The ABA’s decision to make law students pay for rules it requires those students learn to enter the practice of law may pale in comparison with the manner in which the ABA has altered its rules of ethics in the past 30 years. The Code of Professional Responsibility(adopted by the ABA in 1969 effective 1970) had a number of defects, but it was the last great hope for the profession to mold itself as a public profession. (I wrote about this in American Legal Ethics in an Age of Anxiety, 40 St. Mary’s L.J. 343 (2008).) The Code was readily adopted by states as law, often with few if any amendments. It created a three-tiered ethical system, consisting of Disciplinary Rules, a floor below which the lawyer was subject to discipline, Ethical Considerations, policies and ideas to mull over in determining what action to take, and nine Canons, general maxims regarding ethical lawyering.

The Model Rules were both a more prosaic and radical (its supporters claimed a more grown-up, modern, realistic set of rules) effort. It was prosaic in eliminating anything that smacked of idealism; the Model Rules were rules, and only rules. It was radical, for example, in its efforts to strip bare any exceptions to keeping secret client confidences, a step so startling most states rejected it.

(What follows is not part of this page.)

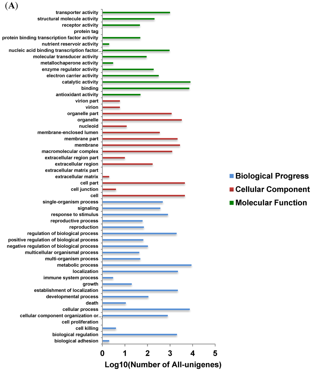 BLASTx alignment (e-value < 10−5) between unigenes and protein databases, including Nr, Swiss-Prot, KEGG, and COG, was performed, and the best alignment results were used to decide sequence direction of unigenes. If results of different databases conflicted with each other, a priority order of Nr, Swiss-Prot, KEGG, and COG was followed. When a unigene happened to be unaligned to none of the above databases, ESTScan (http://estscan.sourceforge.net) [22], a program that can detect coding regions in low-quality sequences, was introduced to decide its sequence direction. To obtain protein functional annotation, unigenes were aligned by BLASTx to protein databases (e-value < 10−5), and aligned by blastn to nucleotide databases nt (e-value < 10−5), retrieving proteins with the highest sequence similarity with the given unigenes. With Nr annotation, the Blast2GO program was used to obtain GO annotation of unigenes. After obtaining GO annotation for every unigene, WEGO software was used to perform GO functional classification for all unigenes and to understand the distribution of gene functions [23]. With the help of KEGG database, we could further study the genes’ biological complex behaviors, and using KEGG annotation we could obtain pathway annotation for unigenes.

The ABA’s fall as declarant of legal ethics was made wholly apparent in the aftermath of the Enron implosion in Fall 2001. After rejecting an effort to modify its stance on when lawyers could disclose client confidences in August 2001, Enron fell, and the ABA scrambled desperately to maintain its self-appointed role as guardian of legal ethics rules. I believe the timeline in my article, “Playing Chicken”: An Instant History of the Battle Over Exceptions to Client Confidences, 33 J. Legal Prof. 239 (2009), shows the ABA cynically cowering before Congress and later, when the dust had settled, claiming it was “speaking truth to power” by challenging the actions of Congress over regulation of lawyer ethics after Congress became bored with the issue (that is, once it did “something” by passing Sarbanes-Oxley). What the ABA refused to do before Enron it willingly did after Enron, not because it believed its earlier policy was wrong, but in order to maintain its position as expositor of legal ethics rules. Indeed, the ABA appeared willing to go beyond the demands made by Congress when its hegemony was threatened, only to walk back after the threat from Congress diminished. It showed an ABA concerned with self-preservation and the interests of its members to the exclusion of any public interest.